The plot revolves around a crumbling marriage (and other vague elements which are mostly left unexplained), but all in all it appears to be about schizophrenia. The madness is Anna’s, played by the lovely Isabelle Adjani, and partly her husband’s, played by the equally lovely Sam Neill. The fragmented narrative delivers the impact of their insanity to the viewer and creates a disturbing projection of mental illness for us to embrace. The aim is to erase, for a moment, the fine line between everyday rationality and the threat of incomprehensibility.

The enjoyment to be had from the sublime mental disturbance that should perturb the viewer comes from the contrast between one’s immersion into the film and the sane and easygoing world of reason one has to return to, where bills have to be paid and small talk prevails. While I was coming out of it, my mind wandered to a brief conversation with an acquaintance in the office corridor. What did I say to him? Did I make sense? Or did he perhaps catch a candid remark and saw that I was so far gone as to not care about making sense anymore? Did I Charlie Sheen him? For a moment I was sure I was to be committed on the basis of that brief exchange.

Watching Adjani thrash about in the famous subway scene was not nearly as disturbing as seeing her abusing one of her pupils in ballet class, or listening to her monologue about fate and chance. The small slips that betray madness are always more interesting and shocking to watch — it’s a cliche, but things sold by the gram are always more exciting than things sold by the pound. Schizophrenic language has some qualities of poetry, although it is rarely as disciplined of course, and it is easier for these slips to be transferred to the viewer in art because similar linguistic exploration is licenced by the artistic medium. One seldom voiced rule of poetry says that it is on the same plane as madness, but nevertheless distanced from the register of actual lunacy.
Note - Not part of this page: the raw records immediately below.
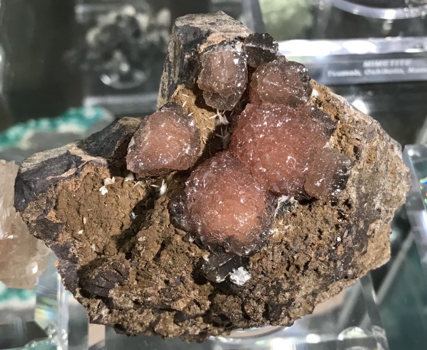 Olmiite (rose) et bultfontéinite (petites aigrettes blanches) Mine N’Chwaning II (Champs Manganésifères du Kalahari, Kuruman, Afrique du Sud).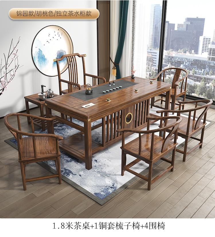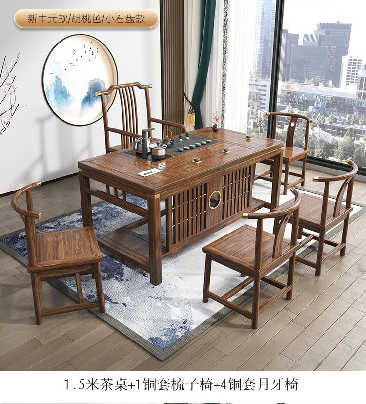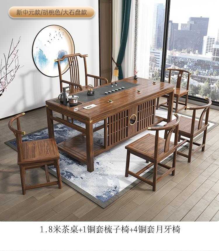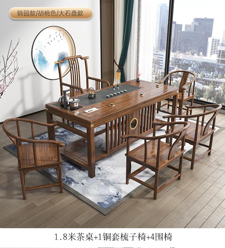 Nueva mesa de té y silla de madera maciza de estilo chino, combinación de mesa de té de recepción de oficina, juego de té, mesa de té integrada para el hogar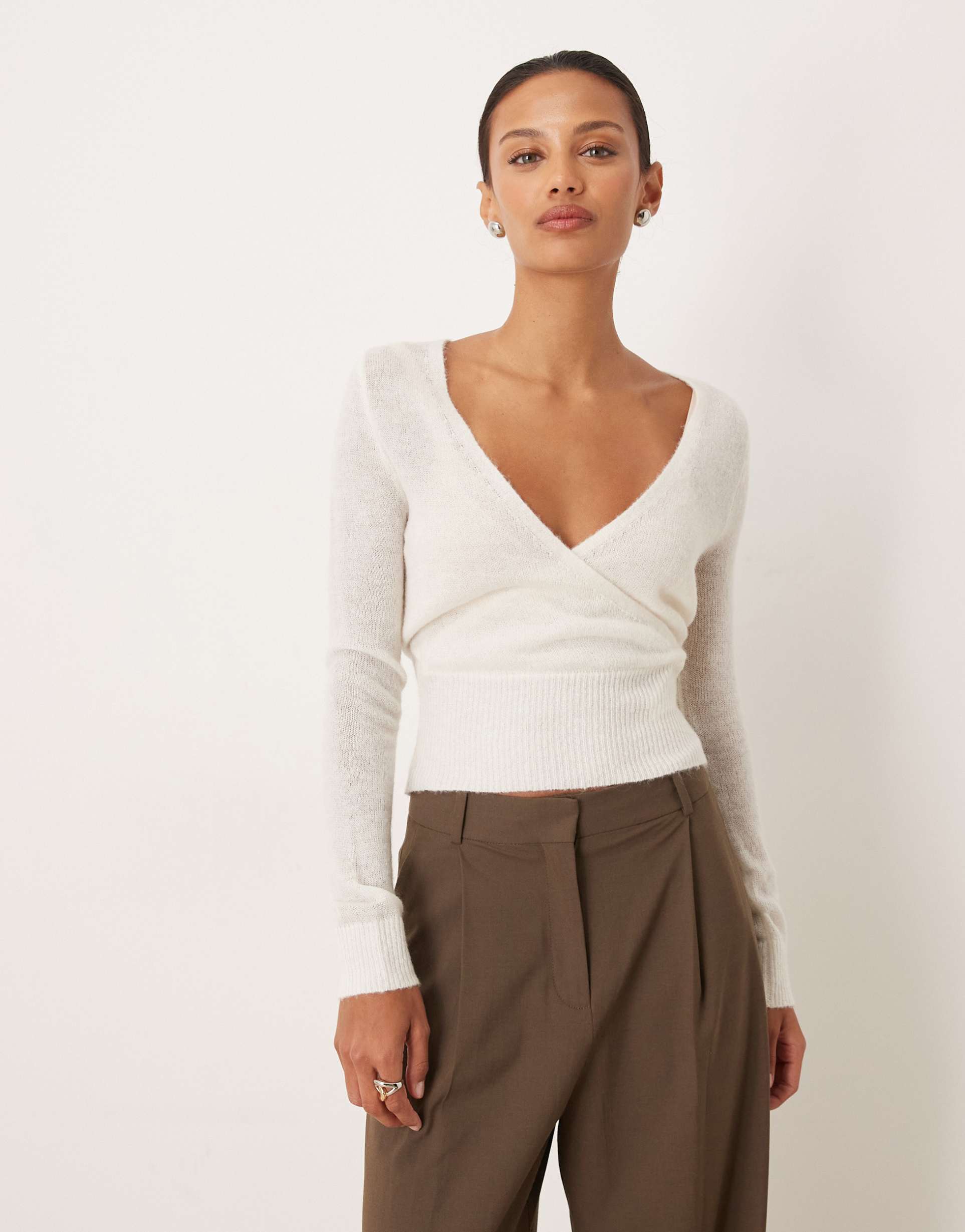 MOTEL NILZA WRAP KNIT TOP IN WHITE

Michaux was mentioned in Possession by Anna’s kooky lover Heinrich. In Michaux’s book on mescaline, the author at one point discards language and begins to draw nonsensical pictures. Language breaks down and is replaced by images. His simulated madness realizes language is mute at its core. Schizophrenic language — which should be distinguished from the language of the schizophrenic — doesn’t say anything and yet says too much by underscoring the impotence of language through free association and repetition, and this was very clearly conveyed by Adjani’s relentless performance. It’s a scary thought, if there really are such things as thoughts.

For the longest time, it has been fashionable to talk of language as being mere surface. Truth and meaning have been reduced to ciphers in communication and content (thoughts, ideas, call them what you will) has been deemed a mirage of the linguistic webs we weave to fool ourselves into thinking that there is something behind the veil of words we dress ourselves in. For the first time I find myself appalled by the thought; whether it is because I find myself using the word thought in an unqualified sense of the word or because I know I do so out of despair, I don’t know.

Perhaps the terror comes from precisely this catch-22: the only way to find faith in truth, or find faith in general, is to act in despair and deny the obvious, but a faith in denial is no faith at all and what in fact remains is a recognition of the hopelessness of faith. Something has been gained from this hopelessness, faith itself, but it is sullied by the very means of its birth. There is a word for this in religion: sin. Why accepting faith as an option in this situation is the solution religion offers is still a mystery to me.

If this is what Possession tries to hint at, it means to say the human mind is an aberration, a freakish accident of nature that never should have happened. The fall from grace, forbidden knowledge, consciousness, they all point to a rationalization of rationality by reason to justify its own sordid existence. It’s a rather bleak conclusion to draw from a fine film, but I hope it makes sense. God, I really do.